Rather than predicting waveforms or Fourier coefficients, a third model class directly generates audio with oscillators. Known as vocoders or synthesizers, these models are physically and perceptually motivated and have a long history of research and applications (Beauchamp, 2007; Morise et al., 2016). These “analysis/synthesis” models use expert knowledge and hand-tuned heuristics to extract synthesis parameters (analysis) that are interpretable (loudness and frequencies) and can be used by the generative algorithm (synthesis).

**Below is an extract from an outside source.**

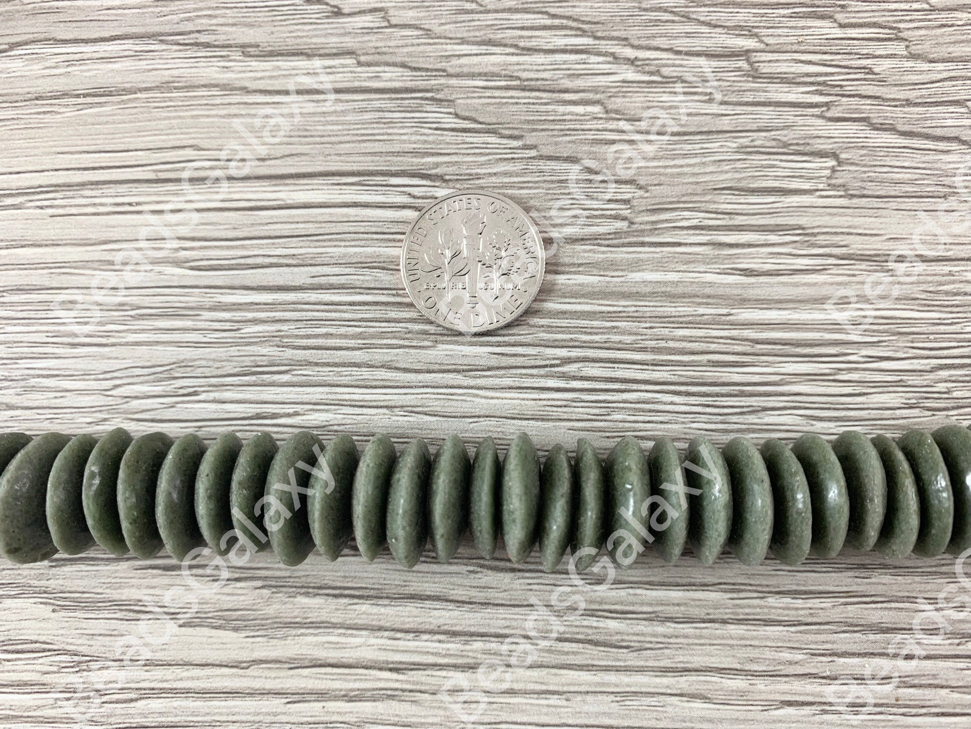 Handmade Dark Green Sea Glass Power Saucer Rondelle Beads From Ghana Africa
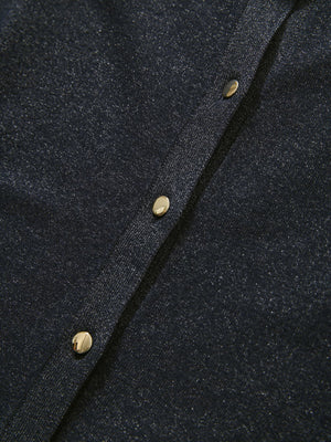 繊細なラメのきらめきとフロントに配した小ぶりのゴールドボタンが華やかさをプラス。

Neural networks have been used previously to some success in modeling pre-extracted synthesis parameters (Blaauw & Bonada, 2017; Chandna et al., 2019), but these models fall short of end-to-end learning. The analysis parameters must still be tuned by hand and gradients cannot flow through the synthesis procedure. As a result, small errors in parameters can lead to large errors in the audio that cannot propagate back to the network. Crucially, the realism of vocoders is limited by the expressivity of a given analysis/synthesis pair.
1.3 Contributions
In this paper, we overcome the limitations outlined above by using the DDSP library to implement fully differentiable synthesizers and audio effects. DDSP models combine the strengths of the above approaches, benefiting from the inductive bias of using oscillators while retaining the expressive power of neural networks and end-to-end training.